6 thoughts on “Guedes insiste em desonerar a folha salarial dos empresários, e isso destruirá o INSS

  1. Eu pessoalmente não votei no JB pq sabia vó que está acontecendo. Nenhuma surpresa. Até acho que pelas trabalhas semanais ele não consegui um maior número de privatizações. E ainda faltam dois anos!

  2. Ele não se emenda. Está no cargo só para prejudicar os trabalhadores. Os privilégios da elite ele não comenta em hipotese nenhuma.
    Quer desonerar a folha salarial de qualquer jeito, a custa da miséria do povo. A Dilma desonerou a folha de empresários campeões e mesmo assim foi empichada.
    Mas, o Guedes é insuperável, irônico, falastrão, ligado exclusivamente aos empresários, as outras classes não importam para ele.
    Agora está falando em aterrisar o auxílio emergencial, sinônimo de acabar com o benefício.
    Esse cara não tem jeito. Ele é isso daí, não muda.

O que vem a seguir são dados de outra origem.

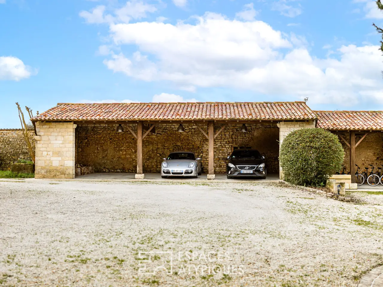 Located in a hamlet between Saintes and Royan, central position 25 minutes from the beaches, this property with careful appointments hosts an authentic Saintongeaise house of approximately 400m2 and partly restored outbuildings.The place, ideal for a large family or for a professional operation, will seduce with its services and its environment, ensuring calm and serenity. It is in the heart of a superb landscaped park of more than 5000m2, planted with trees of multiple species that the building rises and reveals its quality renovation, carried out according to the rules of the Art.Here, the materials have been carefully selected for a timeless decoration combining modernity and authenticity. The entrance hall, with its terracotta floor, sets the tone. It reveals a beautiful height under ceiling and allows access on the one hand to a bright living room equipped with a fireplace, and on the other hand to the modern kitchen.This friendly space will delight epicureans with a passion for cooking, and hides beautiful original elements. It joins a bar area with cozy decoration where you can easily imagine sharing joyful moments with friends or family. These living spaces extend onto a terrace which allows meals to be taken outside, enhanced by the surrounding vegetation. The other wing of the house benefits from a friendly library lounge, bright in every season thanks to its large openings offering a view of the swimming pool and the garden. A first sleeping area has three magnificent suites, each of which has a private bathroom.Upstairs, the central landing distributes four comfortable bedrooms as well as an office. Two of them have a private bathroom, the other two share a bathroom and separate WC.A 60 m2 room dedicated to leisure currently accommodates a gym and sauna, but may be suitable for artists looking for space. Another building, today dedicated to wine tasting, benefits from a real cellar, which will appeal to all wine lovers. Adjoining a double garage and a laundry room. Finally, an old 12th century chapel still has potential awaiting a new project.The garden turns out to be a real cocoon where everyone can go about their activities: read a book near the wisteria, cultivate their vegetable garden in the priest's garden, soak up the sun on the terrace around the swimming pool, without forgetting the grounds petanque!A decidedly unique property, a perfect marriage between the charm of the past and the comfort of modern living, just 25 minutes from the seaside, the ideal place for a family refuge or even a professional project.ENERGY CLASS: C / CLIMATE CLASS: C - Estimated average amount of annual energy expenditure for standard use, established based on energy prices for the year 2021: between EUR3,870 and EUR5,300.REF. EALR1999Additional information* 13 rooms* 7 bedrooms* 1 bathroom* 6 shower rooms* Floor : 1* 1 floor in the building* Outdoor space : 5075 SQM* Parking : 6 parking spaces* Property tax : 1 895 €Energy Performance CertificatePrimary energy consumptionc : 164 kWh/m2.yearHigh performance housing*A*B*164kWh/m2.year24*kg CO2/m2.yearC*D*E*F*GExtremely poor housing performance* Of which greenhouse gas emissionsc : 24 kg CO2/m2.yearLow CO2 emissions*A*B*24kg CO2/m2.yearC*D*E*F*GVery high CO2 emissionsEstimated average amount of annual energy expenditure for standard use, established from energy prices for the year 2021 : between 3870 € and 5300 €Agency feesThe fees include VAT and are p

    • Exatamente isso eu iria escrever, o mesmo que o Roberto,, a Dilma desonerou a folha de pagamentos de vários setores e o resultado obvio foi que não houve nenhum retorno em termos de contratação de mão de obra(ao contrário o desemprego aumentou) e a recessão resultante dos descalabros na politica economica acabaram resultando no seu impeachment
      Na verdade o que impede mesmo os empresários de voltarem a contratar, não são exatamente os encargos trabalhistas que apesar de serem altos nunca impediram a contratação de pessoal, o que impede mesmo é a falta de confiança na retomada da economia, com a falta de segurança juridica(agora mesmo os congressistas com uma omissão absurda do STF buscam uma reeleição insconstitucional dos presidentes da Camara e do Senado), tudo isso gera um ambiente totalmente nocivo para a realização de investimentos produtivos no país.
      Este Guedes não passa de um grande falastrão, um incompetente incapaz de fazer as mais obvias relações de causas e efeitos em termos economicos. Uma delas é essa proposta de diminuir contribuições previdenciárias de empregadores o resultado óbvio será o aumento do deficit previdenciário que vai pressionar o deficit fiscal.
      Outro exemplo de falta de noção de causa e efeito foi a subida do dolar insuflada pelo mesmo Guedes. Era obvio que isso ia ter efeitos inflacionários a começar pelos produtos da cesta básica , ainda mais se considerando os R$ 600 de ajuda. Mas o falastrão incompetente não é capaz ou não tem intenção de considerar qualquer relação de causa e efeito

  3. Carlos Marchi (via Facebook)

    A FASCINAÇÃO POR DINHEIRO SONANTE

    A última é que o deputado Eduardo Bolsonaro usou R$ 150 mil em dinheiro vivo para pagar dois apartamentos na zona sul do Rio.
    Os apartamento foram comprados em 2011 e 2016, segundo o jornal O Globo.
    O que salta à vista, além da fascinação da família por dinheiro vivo, é a repetida aplicação da grana em imóveis.
    E salta mais ainda a comprovação de que a criação da nota de R$ 200,00 é pra ajudar a movimentação financeira da família.
    Cabe urgentemente que seja informado à sociedade brasileira quantos imóveis cada membro da família tem em seu nome.
    Os que estão em nome de cada um e os que estão em nome do laranjal.